Additionally, beware of generative AI’s potential to create fake material, such as news, legal sources, and “official” announcements. Imagine the scope for new attack vectors built on such chicanery.

2. Dedicated apps face extinction: Starting in 2024, AI may be used for trusted connections, leading to the gradual (or perhaps even rapid) obsolescence and eventual decommissioning of banking, travel, and search apps. Bank statements, full travel itineraries, and corporate reports could all be handed off to AI. Some applications may remain as trust-based connectors, but essentially, we would be entering a world of cyber-secure digital valets and valet services run by AI, with requests issued by voice command and results returned in richer and richer formats as technology evolves.

3. POTS and VoIP step aside to make room for UCS: POTS (plain old telephone system) and even VoIP will give way to unified communication services (UCS) such as Zoom and Teams. Today, any two devices that are connected to the Internet can put their users in touch with one another. Soon, phone numbers themselves will be obsolete, replaced by email addresses and other digital aliases. Of course, with communications digitized, we must watch for vulnerabilities and their exploitation by threat actors.

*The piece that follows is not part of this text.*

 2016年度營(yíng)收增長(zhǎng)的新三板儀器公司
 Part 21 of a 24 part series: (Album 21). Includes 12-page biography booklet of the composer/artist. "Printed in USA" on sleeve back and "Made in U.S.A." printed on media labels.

4. Subscriptions everywhere: The way we buy things has changed since the days of bartering livestock for cloth. From cash and credit cards to the dizzying modern world of crypto and mobile wallets, we have incorporated each change and rapidly moved on to the next. But have you noticed that ownership has undergone a similar metamorphosis? In 2024, we can expect this to continue. From smart home technology to social media accounts, we will see vendors and providers renting out capabilities rather than selling one-off products and services. Subscriptions will be the central business model of a growing number of enterprises.

But we should take care. Any contract gaps could lead to data losses. And when information on lapsed agreements is archived, this could lead to private information being stored in a less protected environment, leading subsequently to a data breach. Where such service gaps occur, it is critical that the customer requests their data to be deleted.

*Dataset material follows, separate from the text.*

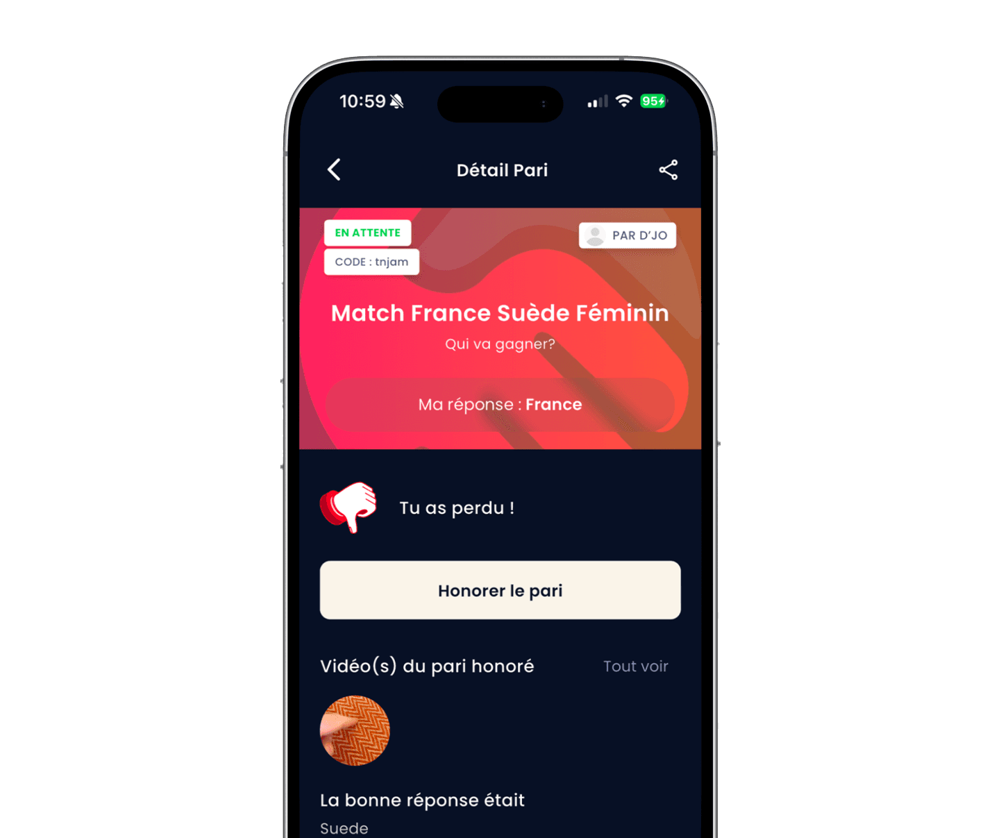 Invitez vos participants et gérez la liste des joueurs. Partagez facilement le pari avec votre communauté : via lien direct, QR code ou code du pari. Vos amis et membres peuvent rejoindre instantanément et participer à l’aventure.

5. USB-C is good news for juice jackers: USB-C has arrived. It’s easier to plug in and it’s faster — a lot faster. At 10Gbps, it is twice as fast as USB 3.0. We can expect standardization on these connectors to follow. So, boons for compatibility and e-waste, but banes for cybersecurity professionals who have to consider the heightened potential for juice jacking (where data transfers, including malware, take place through media connections), since the time needed to steal data or plant malicious payloads is halved. Obviously, this threat extends to other vectors related to physical connections.

 6. Cybercrime consultancy services: Rather than conducting full RansomOps campaigns in 2024, we will see threat actors do the initial scouting and sell what they find. If they discover a zero day, they might sell it to the highest bidder. Likewise, inside information on a specific business’s setup — misconfigurations, unpatched flaws, and other inroads — could be sold along with customized AI tools to those that run the attack. This isolates the original scout from the damaging phase of the campaign and decreases the chances of their discovery.

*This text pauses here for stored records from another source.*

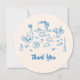 Det här charmiga bröllopsfest-kortet i blått och krämfärgat tackar är baserat på den populära handritade trenden med fransk eller italiensk inspirerad mat och dryck i en lekfull, klotter- och krafsstil. Designen är perfekt för en bröllopsbrunch eller fikaparty. Den visar handritade illustrationer av en vas med blommor, tårta, tekopp, tekanna, croissanter, jordgubbar, kniv och gaffel samt ett ljusstake.
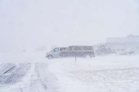 Winter snowstorm, snowfall and ice on roads with strong winds. Poor visibility and dangers on the road, driving safety in winter in bad weather. Cars Navigating Through Heavy Snowstorm Conditions That Create Unique Winter Adventures
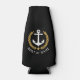 Um refrigerador de garrafa de na moda com seu nome personalizado, nome do barco ou outro texto desejado. Possui uma âncora náutica personalizada, projetada com folhas laurel em estilo ouro e emblema estelar em preto. Personalize facilmente a cor base para corresponder ao seu decoro ou tema atual. Um presente personalizado perfeito para qualquer ocasião.

7. Standardization of cyber insurance: We have seen cyber insurance become more expensive and difficult to obtain of late, with insurance companies insisting on certain levels of security hygiene and sometimes even limiting coverage when drawing up policies. We see 2024 as the year these policies become standardized. As the field of cyber insurance has matured, we have seen new categories such as “Acts of War” spring up and gain acceptance among providers. As such, 2024 will see the emergence of a framework-based approach to cyber insurance, enabling insurance companies to standardize their services against all threats when it comes to reducing risk and liability.

At arms
Now you know what is coming over the hill, you can prepare your defenders. The more proactive you are, the more likely you are to stay out of the headlines. You will identify risks more efficiently. You will suffer fewer breaches. You will incur less damage. Stay safe in the year ahead.